While Dexter King said that movie would “be the definitive film” on his father’s legacy, Bernice King and Martin Luther King III threatened a lawsuit. Referring to herself, Bernice King objected to the fact that any company would consider a movie on King when “‘[t]hey don’t have the blessings of Bernice and Martin King.”
What concerns me is that two other kids object to Dreamworks engaging in a business deal with their brother without their being part of the deal. Once again, it is not clear why a company has to give King’s family any such deal — a practice that is encouraging this predatorial conduct. King’s family has a copyright on the “I Have a Dream” speech and demands payment for its use. Martin Luther King himself reportedly ran out and made the claim on the speech himself, which diminishes his stature. A court upheld the copyright protection on the speech. Here is what the Eleventh Circuit said about the claim in one such case involving CBS brought by the family:
On September 30, 1963, approximately one month after the delivery of the Speech, Dr. King took steps to secure federal copyright protection for the Speech under the Copyright Act of 1909, and a certificate of registration of his claim to copyright was issued by the Copyright Office on October 2, 1963. Almost immediately thereafter, Dr. King filed suit in the Southern District of New York to enjoin the unauthorized sale of recordings of the Speech and won a preliminary injunction on December 13, 1963. King v. Mister Maestro, Inc., 224 F. Supp. 101 (S.D.N Y 1963).
The 11th Circuit and other courts treat such speeches as the same as songs and poems performed on the mall. The question is whether this is a logical rule.
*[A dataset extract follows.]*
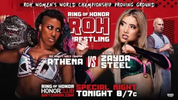 También un «proving ground match», con Zayda Steel buscando su oportunidad por el Campeonato Mundial ROH que ostenta Athena. Y de cara a Supercard Of Honor 2026, cinco duelos clasificatorios para conseguir plaza en el Survival Of The Fittest por el oro de Athena:

I do not see why speakers on the mall should not agree that any speech is waived as belonging to the public domain. It is a great honor to speak to the nation from the Mall. It seems ridiculous to try to convince a nation to follow your view on a subject like desegregation or equality and then charge anyone who uses your words. A song or a poem is written to entertain beyond any given event. A speech is part of the public debate and these copyright claims chill speech, as shown by the King family.
When you give a speech on the congressional mall, it should belong to the nation. More importantly, Congress should have premised the creation of the King memorial on the family releasing this speech to the public domain (as President release their documents in exchange for presidential libraries).